Task to complete
The line containing "博士生讲师团讲师李天娇博士于" marks the end; return exactly every line from the start of the records up to and including it, but no pictures.

Data provided
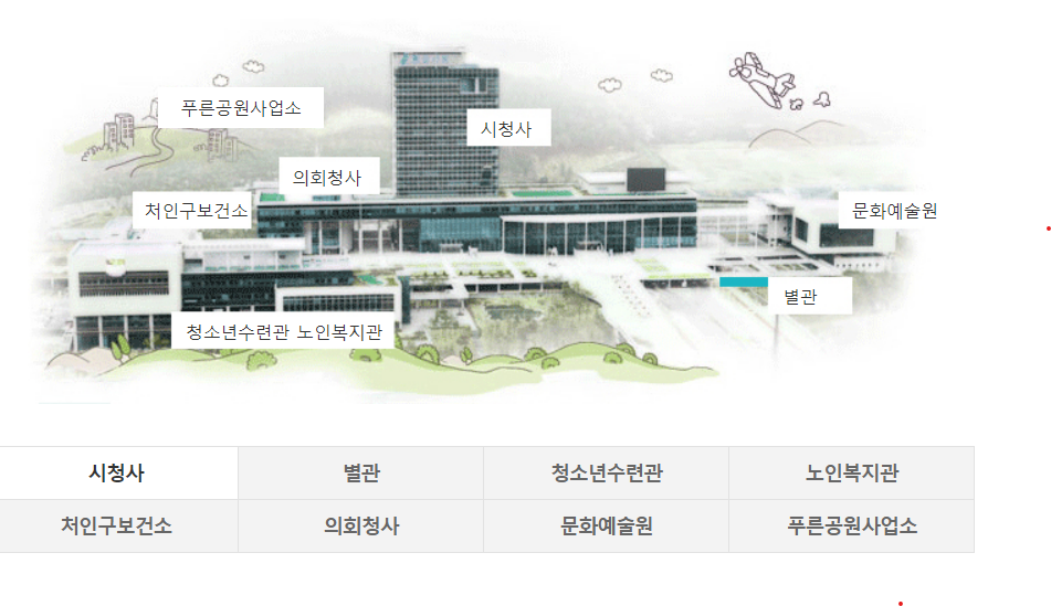 조직도 만큼이나 중요한것잉 바로 청사 안내입니다. 용인시청은 새로운 청사를 지은지 얼마 되지 않았기 때문에 용인시청을 방문하시는 분들은 사전에 청사안내를 확인해 두시면 좋습니다.
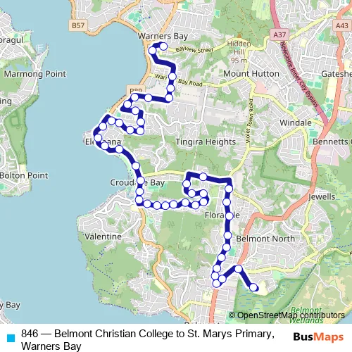 The first stop of the 846 bus route is St Mary's Primary School, Bayview St and the last stop is Belmont Christian College, John Fisher Rd. 846 (Belmont Christian College to St. Marys Primary, Warners Bay) is operational during on weekdays.
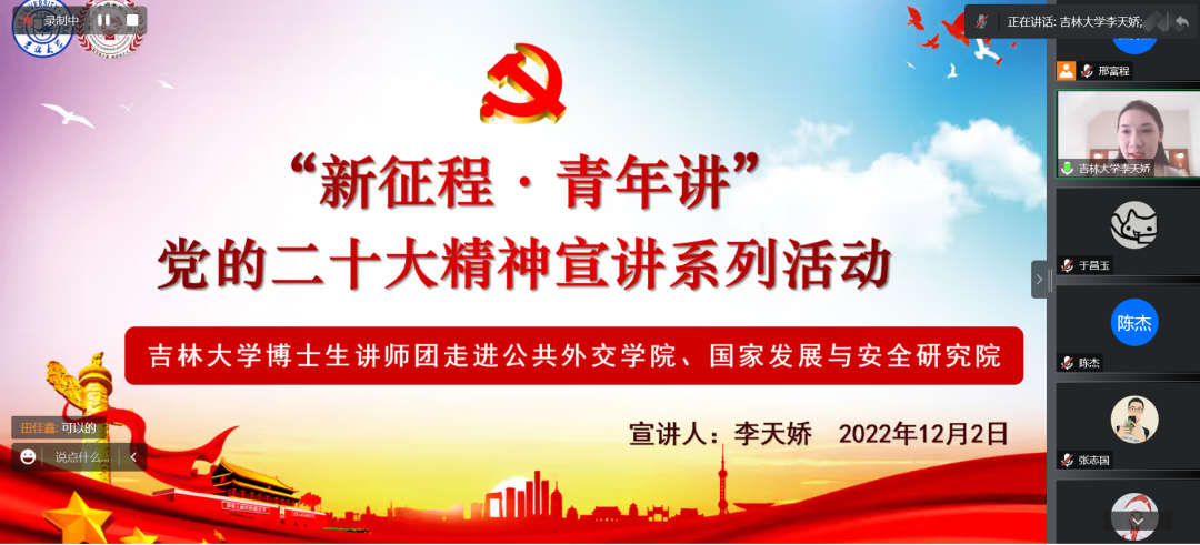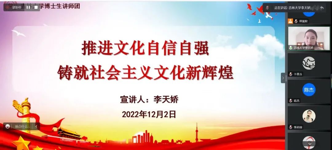 博士生讲师团讲师李天娇博士于线上开展党的二十大精神理论宣讲活动。本次宣讲的主题是“新征程•青年讲——推进文化自信自强 铸就社会主义文化新辉煌”。
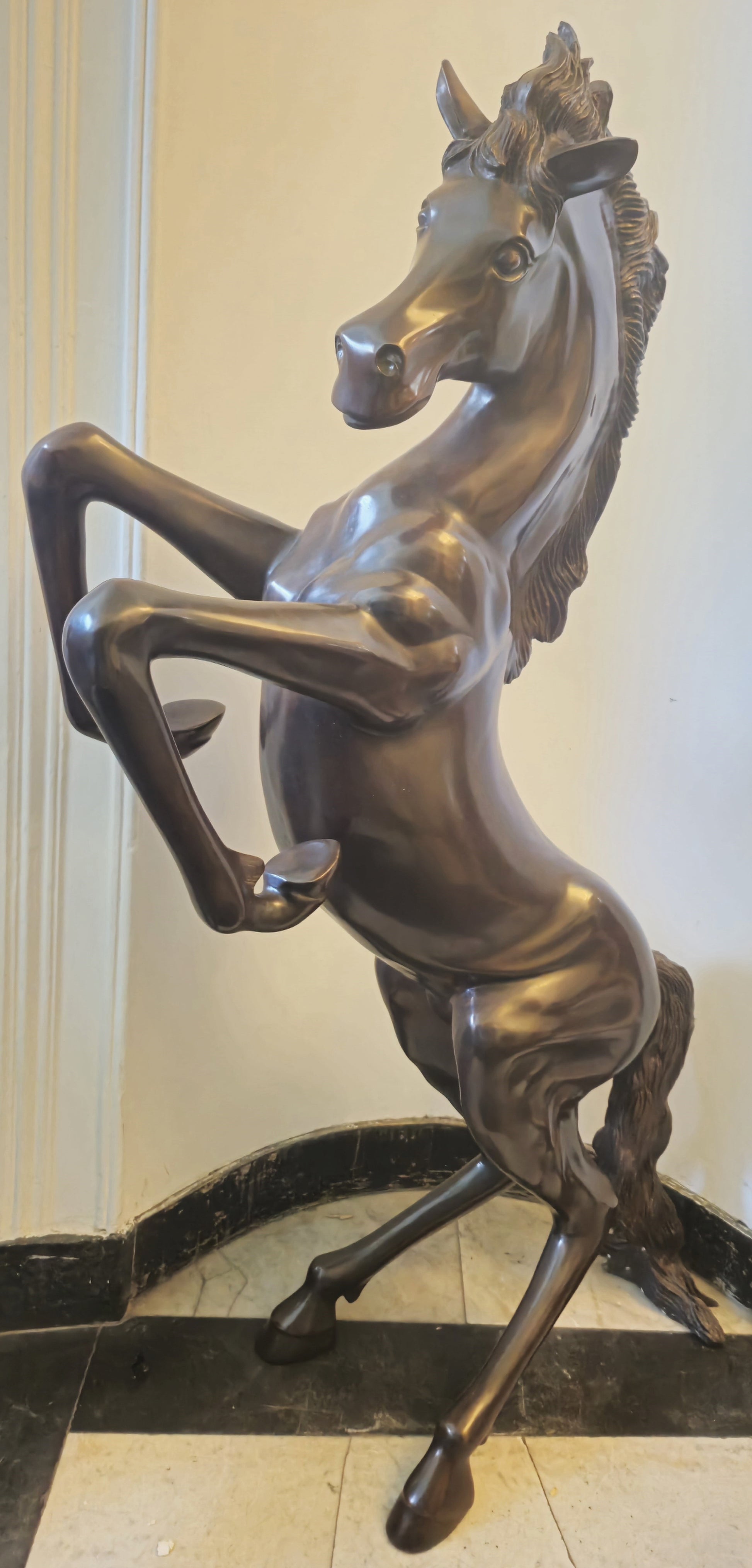 Diese eindrucksvolle Bronze-Skulptur eines aufbäumenden Vollblutpferdes verkörpert Kraft, Eleganz und Dynamik in vollendeter Form. Der majestätische Hengst wurde mit großer Liebe zum Detail gestaltet – von der angespannten Muskulatur über den stolzen Kopf bis hin zur wehenden Mähne. Die Pose des Pferdes verleiht der Skulptur eine lebendige Ausstrahlung und macht sie zu einem Blickfang in jedem Außen- oder Innenbereich.
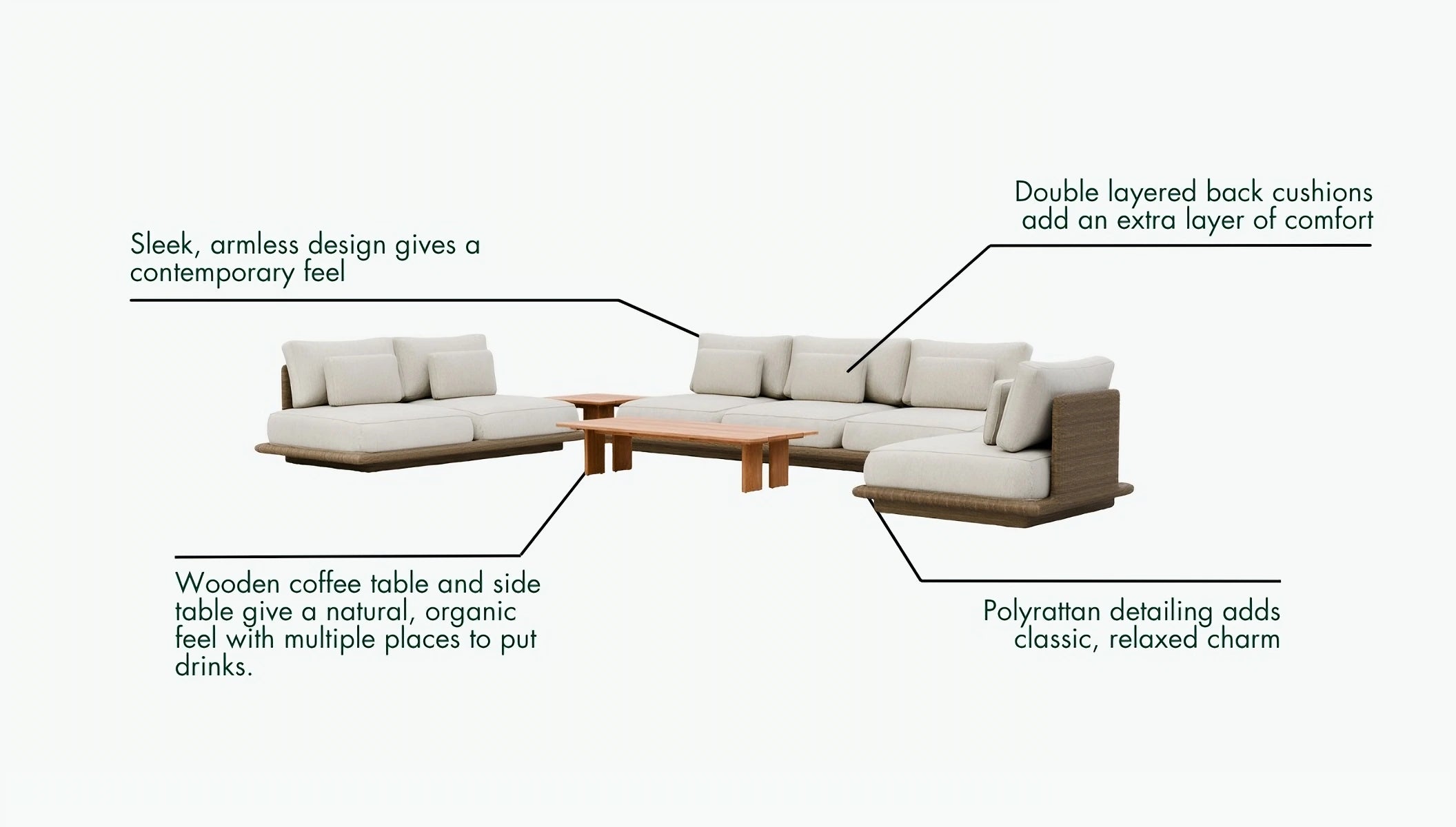 - Materials: Polyrattan woven construction, olefin fabric cushions, wooden coffee table and side table
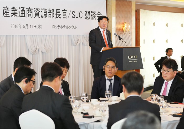 (서울=포커스뉴스) 주형환 산업통상자원부 장관이 11일 오후 서울 중구 소공동 롯데호텔에서 양국 기업간 투자분야 협력방안과 주한일본기업의 對정부 건의 해소방안 논의를 위해 열린 '서울재팬클럽(SJC) 오찬 간담회'에 참석해 인사말을 하고 있다.
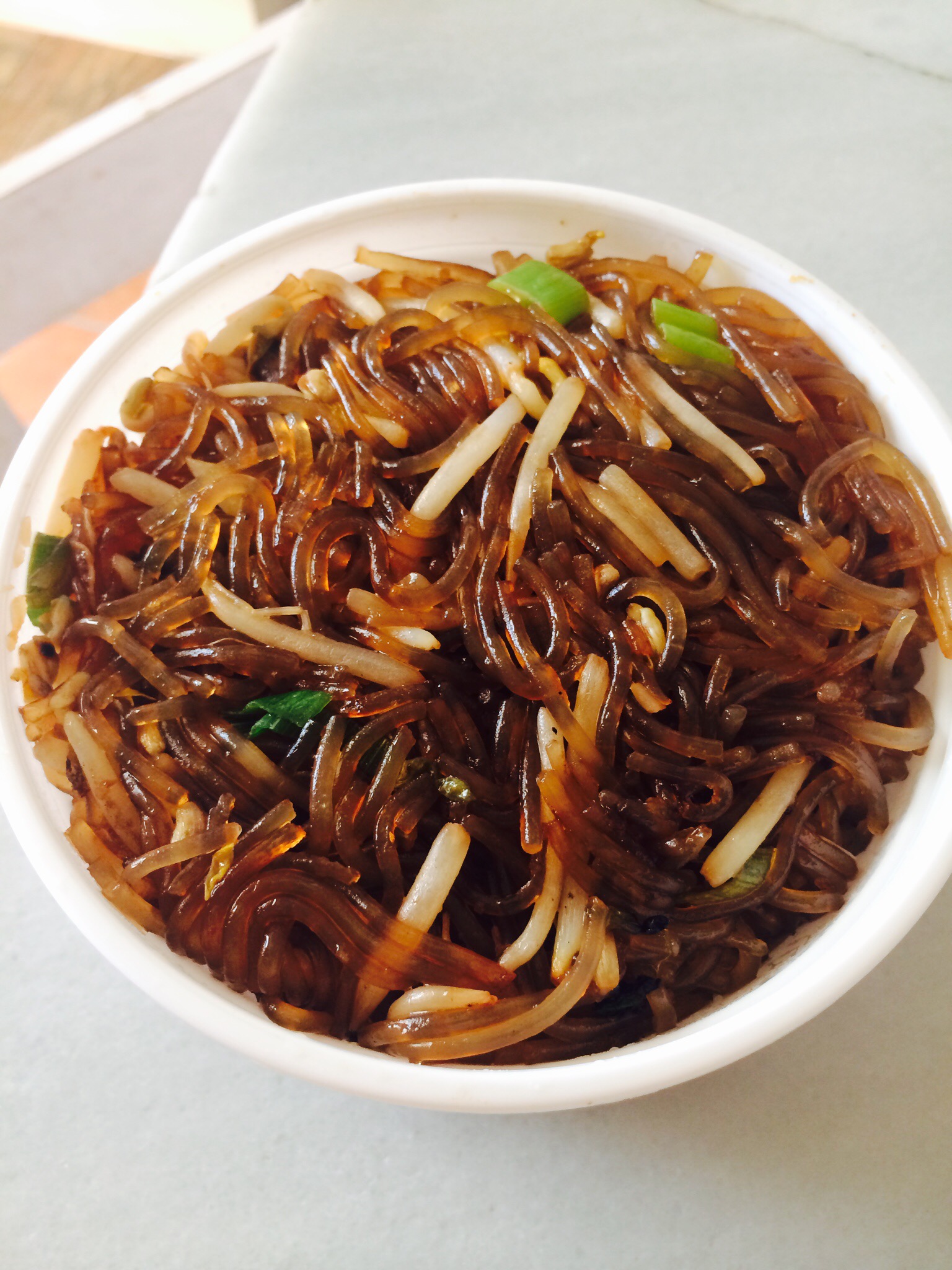 Nos apetecía probar los tallarines de fécula de batata salteados, porque nunca antes los habíamos visto y nos dejaron bastante indiferentes. El fideo estaba bueno, aunque le falta sabor al plato. Nosotros lo juntamos con las berenjenas y mejoraba, pero aún así fue el plato más flojo de la comida.

Answer to the exercise
 조직도 만큼이나 중요한것잉 바로 청사 안내입니다. 용인시청은 새로운 청사를 지은지 얼마 되지 않았기 때문에 용인시청을 방문하시는 분들은 사전에 청사안내를 확인해 두시면 좋습니다.
 The first stop of the 846 bus route is St Mary's Primary School, Bayview St and the last stop is Belmont Christian College, John Fisher Rd. 846 (Belmont Christian College to St. Marys Primary, Warners Bay) is operational during on weekdays.
 博士生讲师团讲师李天娇博士于线上开展党的二十大精神理论宣讲活动。本次宣讲的主题是“新征程•青年讲——推进文化自信自强 铸就社会主义文化新辉煌”。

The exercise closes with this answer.